A'râf Suresi, Mekke döneminde inmiş olan bir suredir ve insanlara doğru yolu gösterme, hidayet ve sapma konularını ele alır. Bu sure, inananlarla inanmayanlar arasındaki farkları, doğru yola yönelme ve yanlış yolda ilerlemenin sonuçlarını vurgular. A'râf Suresi, adını cennetin ve cehennemin arasındaki bir yer olan 'A'râf'tan alır ve bu yerin sahipleri için bir hidayet kaynağı olduğunu bildirir. Ayet 178, bu bağlamda Allah’ın hidayet ve sapma konusundaki iradesine dikkat çeker. Ayette, Allah’ın kimi doğru yola ilettiği, kimi de yoldan çıkardığı ve bunun sonucunda mükafat veya ceza ile karşılaşacaklarının altı çizilir. Bu ayet, inananların doğru yolda kalmaları, sapmaktan kaçınmaları ve Allah’ın hidayetine yönelmeleri gerektiğini vurgular. Ayrıca, bu ayet vesilesiyle insanlara verilen özgür irade ve sonuçları üzerinde düşünme fırsatı sunulur. Kısacası, A'râf Suresi'nin genel mesajı, doğru yola ulaşmanın ve yanlış yolda kaybolmanın önemidir. Ayetin içeriği, insanların seçimlerinin sonuçlarını anlamalarına yardımcı olacak bir perspektif sunarak, hayatın anlamı ve insanın sorumluluğu üzerinde yoğunlaşır.

A'râf Suresi 178. Ayet ile İlgili Dil Bilgisi Açıklamaları:

Dil bilgisi açıklamaları
KelimeTemel Anlamı
هَدَىdoğru yola iletmek
ضَلَّsapmak, yoldan çıkmak
خَاسِرُونَkaybedenler

Ayet, tecvid açısından dikkatli bir telaffuz gerektirir.

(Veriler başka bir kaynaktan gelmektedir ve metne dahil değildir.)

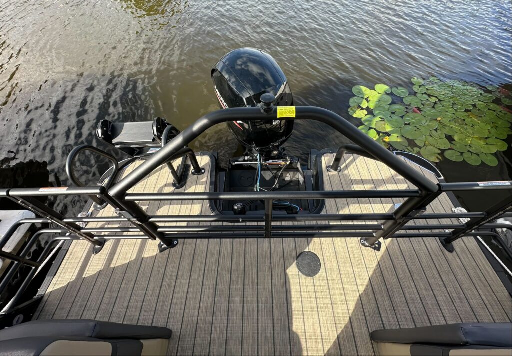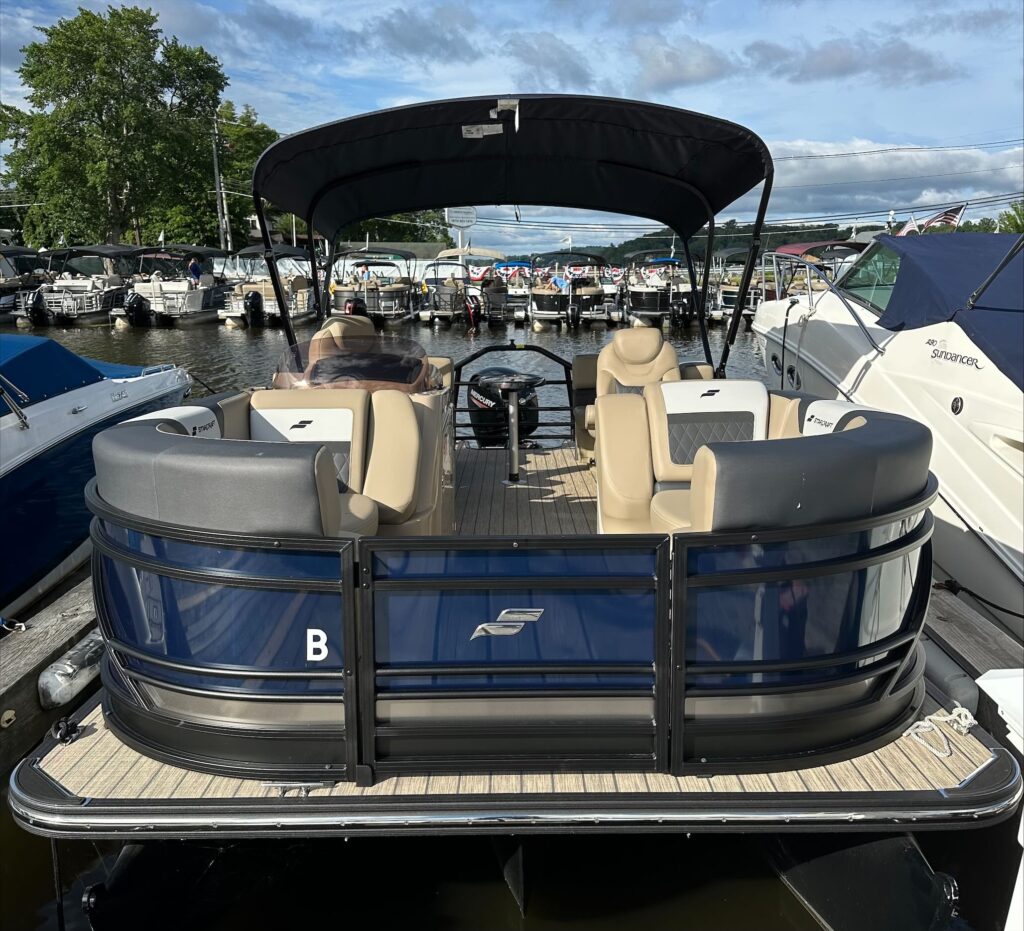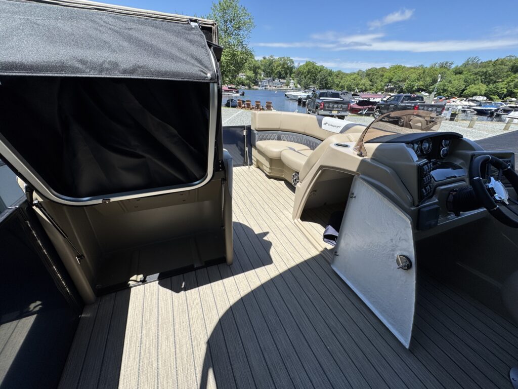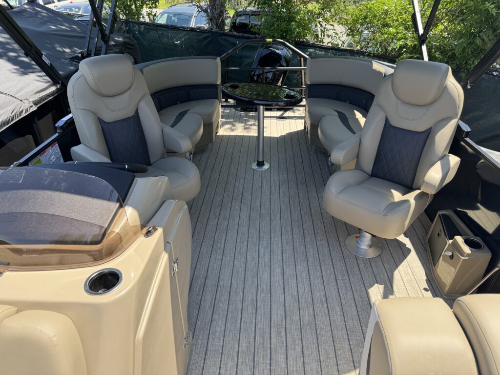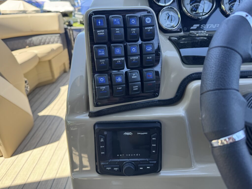 In addition to standard features, additional amenities on this brand new triple pontoon include blue power bimini top with matching playpen cover, full teak weave flooring in brown, extended deck, two High Back helm chairs in tan, Wet Sounds MC2 radio and sound system with four speakers, GPS with mount and antenna, mood lights, black Lillipad REVO ladder with handles, and more!

Uzatma (med) kuralları mevcuttur. Özellikle 'هَدَى' kelimesindeki 'ا' harfi meddir ve uzatılarak okunmalıdır.

A'râf Suresi 178. Ayet ile İlgili İstatistiksel Bilgiler ve Görselleştirme:

İstatiksel bilgiler
KelimeTemel AnlamıKur'an'daki Toplam Geçiş Sayısı
هَدَىdoğru yola iletmek9
ضَلَّsapmak6
خَاسِرُونَkaybedenler8

Bu ayette geçen 'هَدَى', 'ضَلَّ' ve 'خَاسِرُونَ' kelimeleri, insanın doğru yola ulaşımını, sapmasını ve bunun sonucunda kaybeden konumuna düşmesini ifade eder. Bu kelimelerin Kur'an'da sıkça geçmesi, insanın hidayet ve dalalet arasındaki seçimlerinin önemine vurgu yapar. Özellikle hidayet kelimesinin birçok yerde yer alması, insanların doğru yolu bulmaları için Allah'ın verdiği fırsatları hatırlatmaktadır. 'ضَلَّ' kelimesi ise insanların kendi iradeleriyle sapma durumlarını belirtirken, 'خَاسِرُونَ' ise bu sapmanın sonuçlarını irdeleyerek insanlara ders vermektedir.

هَدَى

9

خَاسِرُونَ

8

ضَلَّ

6

Kelimelerin Kur'an'da geçiş grafiği

A'râf Suresi 178. Ayetin Meallerindeki Dilsel Farklılıklar:

Ayetin meallerindeki dilsel farklılıklar
Meal SahibiKullanılan İfadeDilsel Tonu
Abdulbaki Gölpınarlıdoğru yola sevkettiyse odur doğru yolu bulanAçıklayıcı
Diyanet İşleridoğru yola iletirse, odur doğru yolu bulanGeleneksel
Elmalılı Hamdi Yazırkime hidayet ederse, o hidayete ererGeleneksel
Mehmet OkuyanAllah’ın hidayet ettiği kişi doğru yola ulaş(tırıl)mıştırModern
Ömer Nasuhi Bilmenkime hidâyet ederse işte hidâyete eren odurGeleneksel
Süleyman Ateşkime yol gösterirse, işte yolu bulan odurAçıklayıcı
Süleymaniye Vakfıkimi de sapık sayarsaAçıklayıcı
Yaşar Nuri Öztürkyol gösterdiği, gerçeğe varmıştırModern

Tabloda görüldüğü üzere, ayetin Türkçe meallerinde ortak bir ifade olarak 'doğru yola iletmek' veya 'hidayet etmek' gibi terimler öne çıkmaktadır. Bu tür ifadelerin tercih edilmesi, ayetin ana temasını yansıtmakta ve Allah'ın hidayetinin önemini vurgulamaktadır. Bununla birlikte, mealler arasında dilsel ton farklılıkları da mevcuttur. Geleneksel mealler, daha klasik bir dil kullanırken, modern mealler daha sade ve anlaşılır bir dil tercih etmektedir. Özellikle, 'doğru yola ulaşmak' gibi ifadelerin modern meallerde daha sık kullanılması, günümüz okuyucularının anlayışına uygun bir dil ile aktarım sağlamaktadır. Diğer yandan bazı ifadelerde belirgin bir dille farklılaşma görülmektedir; örneğin 'sapık sayarsa' ifadesi bazı meallerde yer alırken, diğerlerinde daha genel bir anlatım tercih edilmiştir. Bu durum, anlamda belirli bir nüans farkı yaratabilir ama genel olarak ayetin mesajı bakımından bir bütünlük sağlandığı söylenebilir.